Ицхак покосился на работниц, и на миг грешная мысль проклюнулась в его голове: ах, если бы и они, не сотворившие никакого зла, никого не убившие, взмыли вверх над столами, уставленными противнями с булочками, над чанами с пузырившимся тестом и, подгоняемые струями ветра от трескучего вентилятора, вылетели через распахнутые окна синагоги во двор! Ах, если бы их, как бумажных змеев, подхватили воздушные потоки и унесли к родным деревням, под соломенные родительские крыши! Ах, если бы сюда вошел белоголовый рабби Мендель и вслед за ним влетел стремительный, как молния, его пушистый кот!
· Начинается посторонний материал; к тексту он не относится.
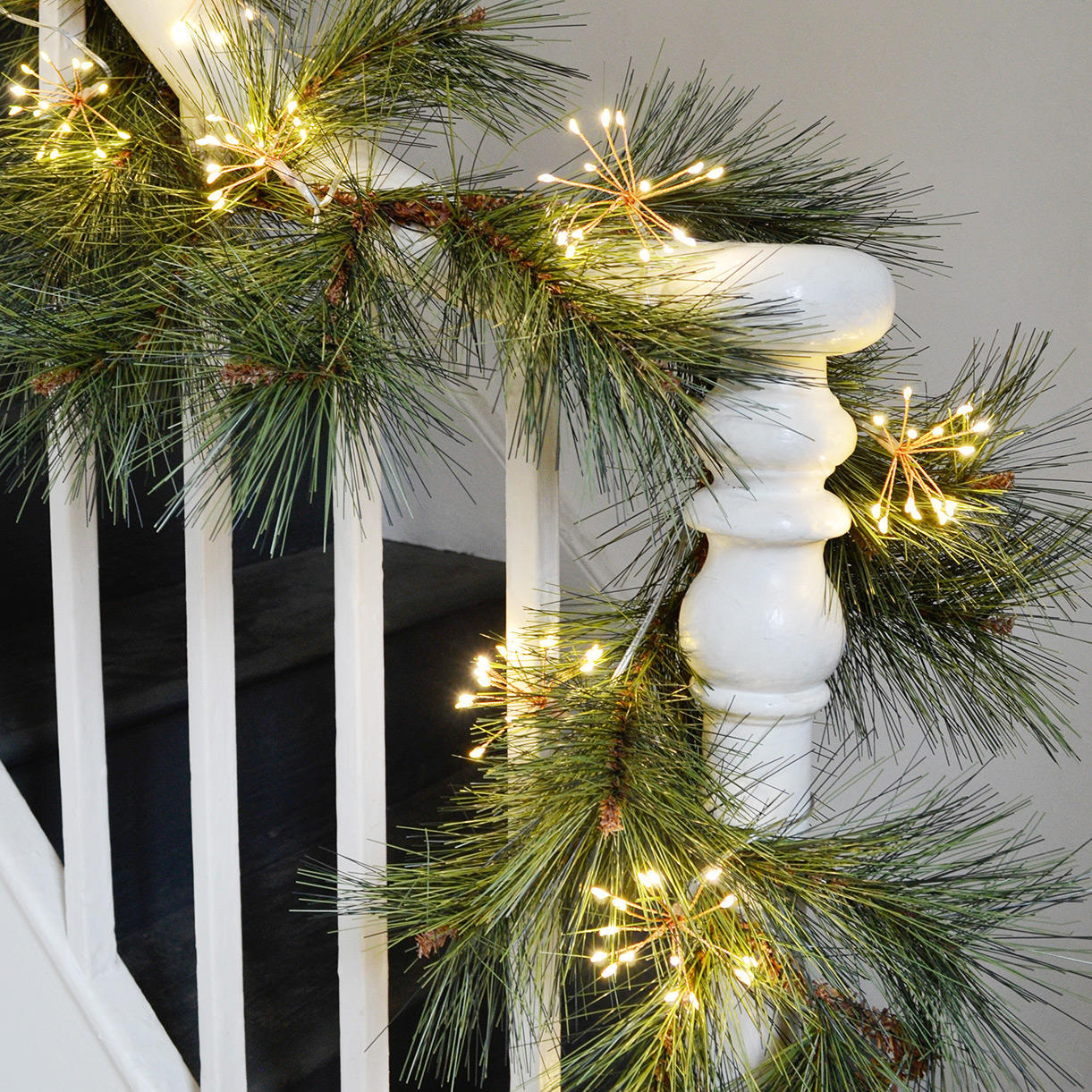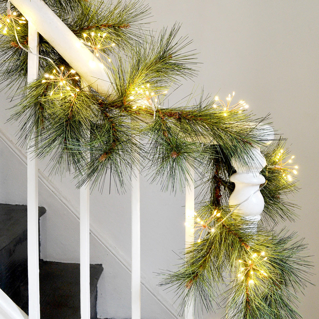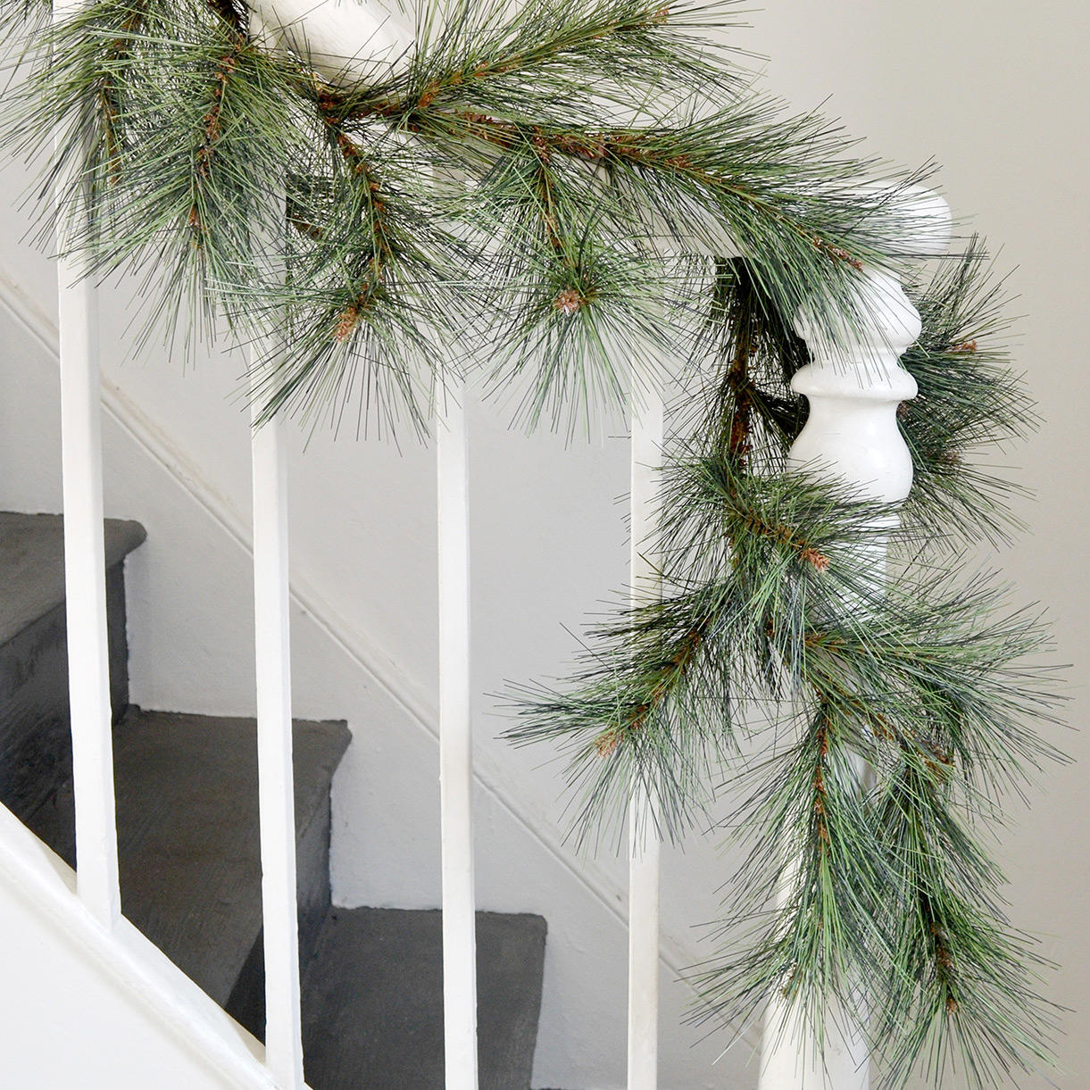 This simple green pine needle garland is a great base to use on your banisters, mantelpieces etc.

Он, Ицхак Малкин, и она, Эстер Малкина, в девичестве Минес, чего бы только не отдали за то, чтобы все было, как полвека тому назад, за то, чтобы рабби Мендель и его пушистый кот привели сюда, в дом благочестия, на их поруганную родину и братьев Ицхака, и пятерых сестер Эстер – всех, всех… Но в синагоге-пекарне властвовала не память, а удушающая жара.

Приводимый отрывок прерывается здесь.